That is a much cleaner version. I didn't even know you could write it out like that...

That would work in a different situation, but the readings are under not over, .78 and 99.7.

Thank you all for providing your time in showing me many solutions so far. Much appreciated.

@surepic Whichever way or combination I end up reconciling the readings I will definitely follow your lead in coding style. Looks cleaner and easier to read.

While looking over your example I'm guessing I could use "(out < .9)" and "(out > 99)".

The float is not that important, but I think something in this direction will work out.

I just “translated” your code to a bit concise version. Thats not the way i am writing code tho.
Regarding float that u worry about and division compiler sees that its a constant expression and makes it constant so even if u get rid of division and write a constant there there wont be any gains in code size or speed. If u can switch to ints then yes u will get some gains.
I would suggest making code smaller and fit into smaller ic i bet its possible to reduce whole code by 30-50%.
Havent done arduino programming for over 4 years :-)))

Arduino uno is overkill for that project.

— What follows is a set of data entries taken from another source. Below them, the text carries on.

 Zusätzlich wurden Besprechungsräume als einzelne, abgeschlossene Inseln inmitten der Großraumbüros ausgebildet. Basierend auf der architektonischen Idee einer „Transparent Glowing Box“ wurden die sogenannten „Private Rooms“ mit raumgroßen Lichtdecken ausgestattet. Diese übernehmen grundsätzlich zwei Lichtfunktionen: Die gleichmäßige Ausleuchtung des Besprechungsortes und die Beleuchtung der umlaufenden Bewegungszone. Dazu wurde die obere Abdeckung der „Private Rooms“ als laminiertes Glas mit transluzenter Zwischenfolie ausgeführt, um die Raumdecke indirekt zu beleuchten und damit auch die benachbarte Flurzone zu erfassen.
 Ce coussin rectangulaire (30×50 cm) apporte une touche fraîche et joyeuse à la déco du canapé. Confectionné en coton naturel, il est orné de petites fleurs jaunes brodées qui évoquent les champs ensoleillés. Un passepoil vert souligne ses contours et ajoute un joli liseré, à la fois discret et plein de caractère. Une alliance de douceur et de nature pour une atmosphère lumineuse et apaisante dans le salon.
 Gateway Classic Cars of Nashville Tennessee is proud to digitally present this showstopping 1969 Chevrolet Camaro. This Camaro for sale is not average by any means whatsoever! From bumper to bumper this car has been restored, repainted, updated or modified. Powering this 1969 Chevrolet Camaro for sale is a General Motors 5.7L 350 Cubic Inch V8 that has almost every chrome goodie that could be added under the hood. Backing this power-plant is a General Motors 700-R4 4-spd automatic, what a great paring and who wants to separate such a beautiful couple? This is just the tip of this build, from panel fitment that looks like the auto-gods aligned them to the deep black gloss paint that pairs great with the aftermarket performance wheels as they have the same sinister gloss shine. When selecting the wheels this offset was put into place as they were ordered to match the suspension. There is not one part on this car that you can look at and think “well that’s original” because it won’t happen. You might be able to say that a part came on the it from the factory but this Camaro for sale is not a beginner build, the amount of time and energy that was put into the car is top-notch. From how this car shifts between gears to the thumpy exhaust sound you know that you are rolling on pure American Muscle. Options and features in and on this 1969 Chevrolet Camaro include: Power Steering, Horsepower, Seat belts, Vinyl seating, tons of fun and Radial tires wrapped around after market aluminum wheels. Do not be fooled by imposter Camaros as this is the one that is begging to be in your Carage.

I see your point if this was all that I was going to do with it, but I think "Arduino uno is overkill for that project." is not really correct in this case because this is not the end of the project, just an attempt of refinement for this section.

I am eventually incorporating a data logging shield and either an RF of WIFI option to transmit the data but I didn't think that was relevant to the issue at this point.

So, wouldn't I be limiting myself to walk away from the Uno board?

This will be in a new installation, so the sensor is not even installed on the tank yet.

If you think that way then u will never actually finish the project cos there will always be something to add and scale the project.

Better to define what that device will be doing and stick with it. Trust me i have gone thru scaling projects and at the end it was enormous waste of time cos the device was doing what it suppose to and by wasting time on new features didnt bring any new users or increase the sales.

So steps are what it should do then prototyping to make sure it runs perfectly then field testing then starting to cut on unnecessary parts and shrinking code to fit cheapest ic thats gonna do the job.

Want new features then think of version 2,3,4 etc.

Instead of converting from an integer analog reading to a floating-point voltage, it may be more helpful to convert from the integer analog reading to an integer percentage:

int percent = (readVal * 100ul) / 1023;
(Note: the '100' is made 'unsigned long' because multiplying any integer over 327 by 100 will overflow a signed 16-bit integer.)

Warning: 0.50 is not 10% of 5.15